In 2012, the U.S. Supreme Court ruled in Miller v. Alabama that sentencing juveniles to mandatory life sentences without the possibility of parole violates the 8th Amendment’s mandate against cruel and unusual punishments.
This is because mandatory life without parole ignores some of the central facts of being a juvenile. Not only are juveniles immature, impetuous and unable to fully appreciate risks and consequences, but they are also often trapped in dysfunctional or brutal life circumstances that they cannot reasonably escape. Even more important, juveniles are by their nature open to rehabilitation in a way that adults may not be.
We all recognize that children develop a growing sense of responsibility as they age, along with an increasing ability to resist their impulses and predict consequences. This is perhaps the main reason we differentiate juveniles from adults in our society.
The Miller ruling doesn’t forbid life sentences for juveniles altogether. Judges simply have to take into account the defendant’s youth, the nature of the offense and any mitigating factors before passing down a life sentence.
The ruling applies retroactively, so those who were sentenced as juveniles to life without parole have the right to seek resentencing. However, statutes still exist that authorize life without parole for juveniles — including in the federal system.
Over the past five years, states including Utah, North Dakota and Arkansas have led the way in ending life sentences without parole for those under 18. Even in these conservative states, the prohibitions have garnered broad bipartisan support.
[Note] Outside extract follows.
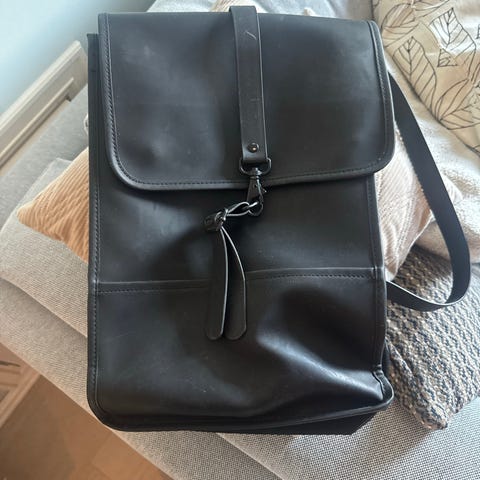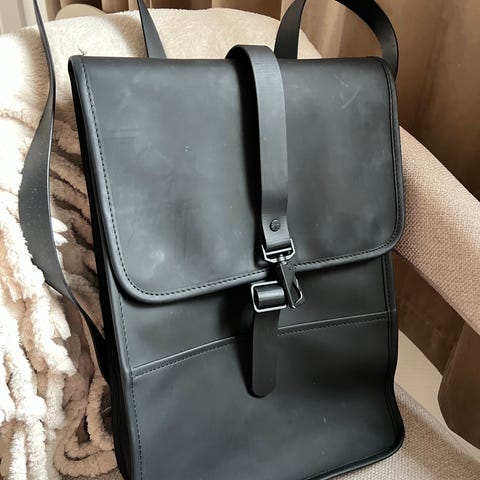 Selger en svart Rains-sekk som ikke blir brukt. Har brukt den til studier og hatt plass til Mac og bøker. Noe bruksmerker forekommer 😊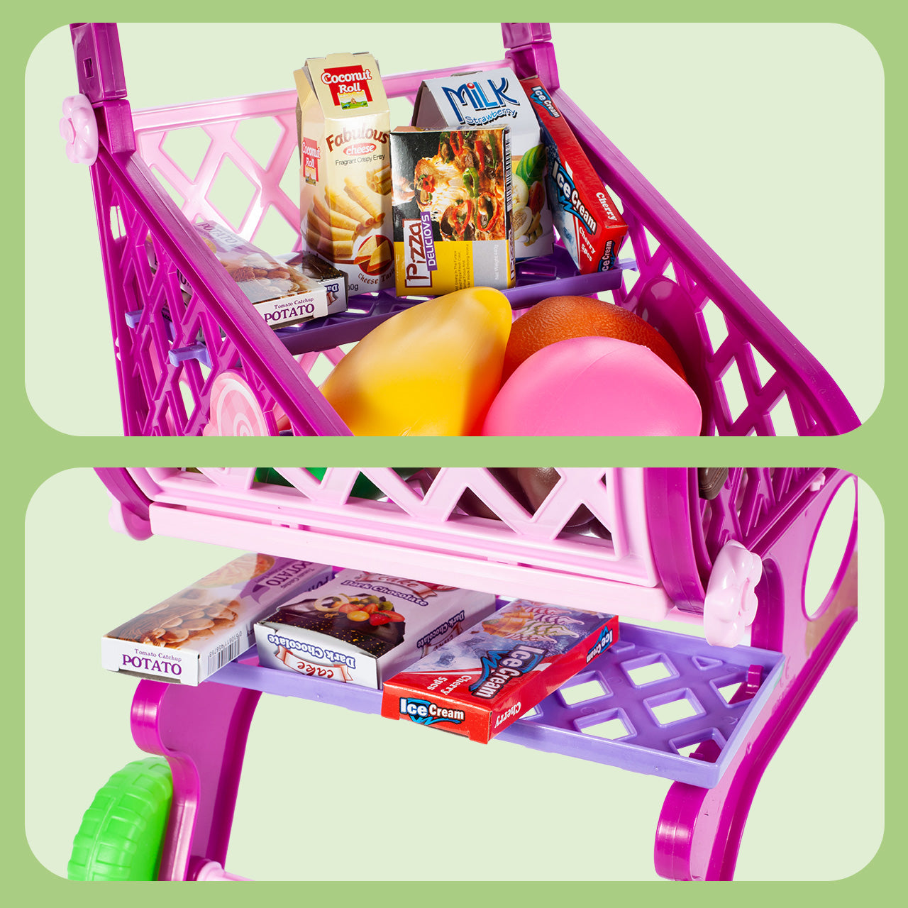 - Rožinis apsipirkimo vežimėlis su lentynėlėmis.

Nineteen other states, along with the District of Columbia, now prohibit handing down a sentence to a juvenile that allows no hope for rehabilitation and release.
A bipartisan group of congressional leaders have now introduced HR 6011, which would apply the same logic to the federal justice system and prohibit sentences of life without parole and de facto versions of that sentence for juveniles.
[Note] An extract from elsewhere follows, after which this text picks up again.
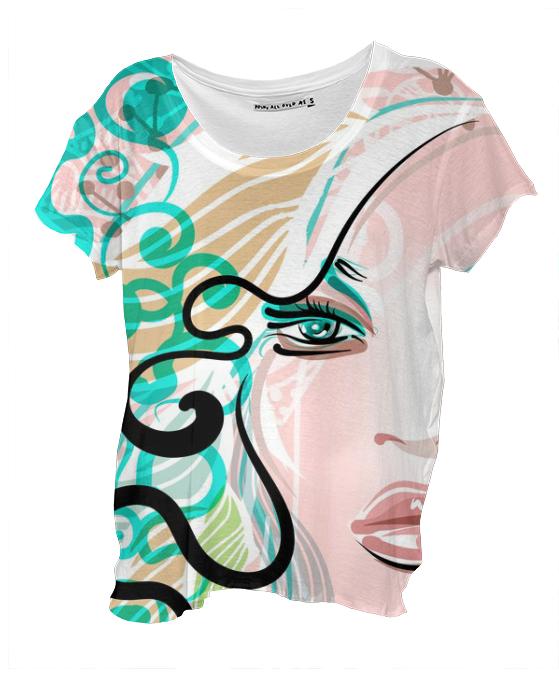Loose fitting scoop neck shirt with nice drape and curved bottom hem.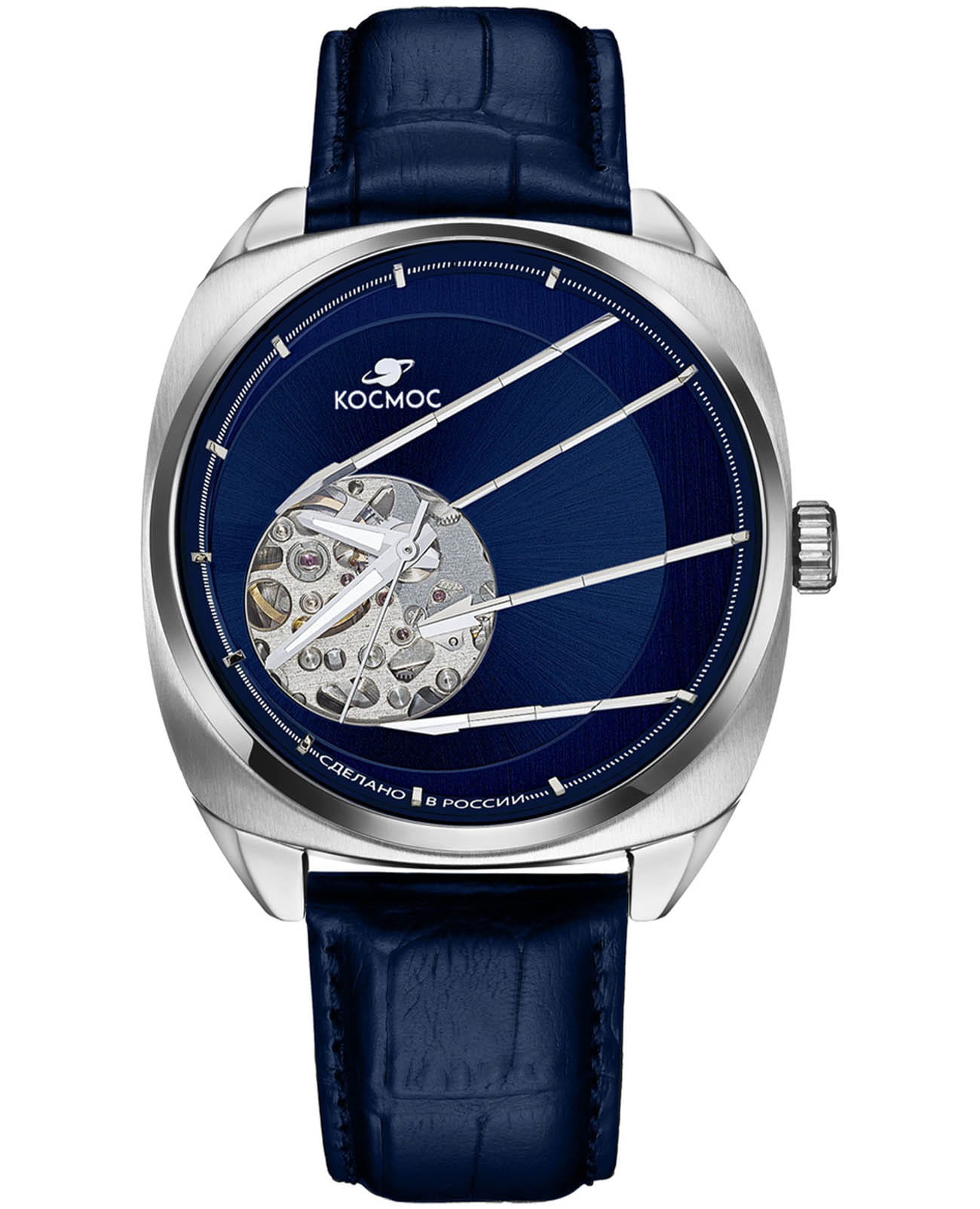 Мужские наручные часы Космос Спутник K 115.16.36 — это уникальная лимитированная серия, созданная в честь исторического запуска первого искусственного спутника Земли. В корпусе необычной круглой формы, выполненном из гипоаллергенной нержавеющей стали, работает надежный механический механизм с автоподзаводом от японской компании Seiko. Прозрачная задняя крышка, закрепленная на четырех винтах, открывает вид на сложный механизм, а на самой крышке указан индивидуальный номер модели в формате хх/50. Скелетонизированный синий циферблат защищен сапфировым стекломСапфировое стеклоПрочный и надёжный материал из кристалла сапфира синтетического происхождения, характеризующийся особой твёрдостью и устойчивостью к царапинам и повреждениям. с антибликовым покрытиемАнтибликовое покрытиеСлой оксида металла в 0,13-0,3 микрон, благодаря которому стекло часов не бликует и не отражает свет. Антибликовое покрытие уменьшает отражение света в 10 раз, обеспечивая отличную читаемость показателей циферблата., которое обеспечивает максимальную устойчивость к царапинам и идеальную видимость в любых условиях. Украшением циферблата служат крупные стрелки с люминесцентным покрытиемЛюминесцентное покрытиеПозволяет считывать показания времени в темноте. Производители наносят на стрелки, часовые индексы, безель или поверхность циферблата светонакопительный состав, дающий холодное свечение., а также специальная апертура, окаймленная элементами, напоминающими антенны Спутника. Часовая и минутная стрелки отлично читаются благодаря своему размеру и светящемуся покрытию. Браслет из натуральной кожи синего цвета дополнен удобной застежкой-бабочкой с двумя боковыми кнопкамиЗастёжка "бабочка"Такой вид застёжки дополняется предохранителями, помогающими избежать случайного раскрытия браслета. Обладают изящным исполнением. , что гарантирует надежную фиксацию на руке. Водозащита до 10 атм (WR100) позволяет использовать часы при плавании и других водных видах спорта без акваланга. Коллекция Спутник — это выбор для ценителей истории космических достижений и современных технологий.

It would also provide a mechanism for releasing people who have previously been sentenced to life as juveniles. HR 6011 doesn’t guarantee that anyone would be released. Instead, it provides up to three hearings before a judge for defendants who have now served at least 20 years of a life sentence without parole. They would have the right to counsel at these hearings.
The judge would consider factors such as the person’s maturity, rehabilitation and fitness to return to society in determining whether to release them.
It is beyond cruel to take away a young person’s entire future without any opportunity for rehabilitation to result in release. Congress needs to take up this important legislation and give deserving people a way to earn a second chance.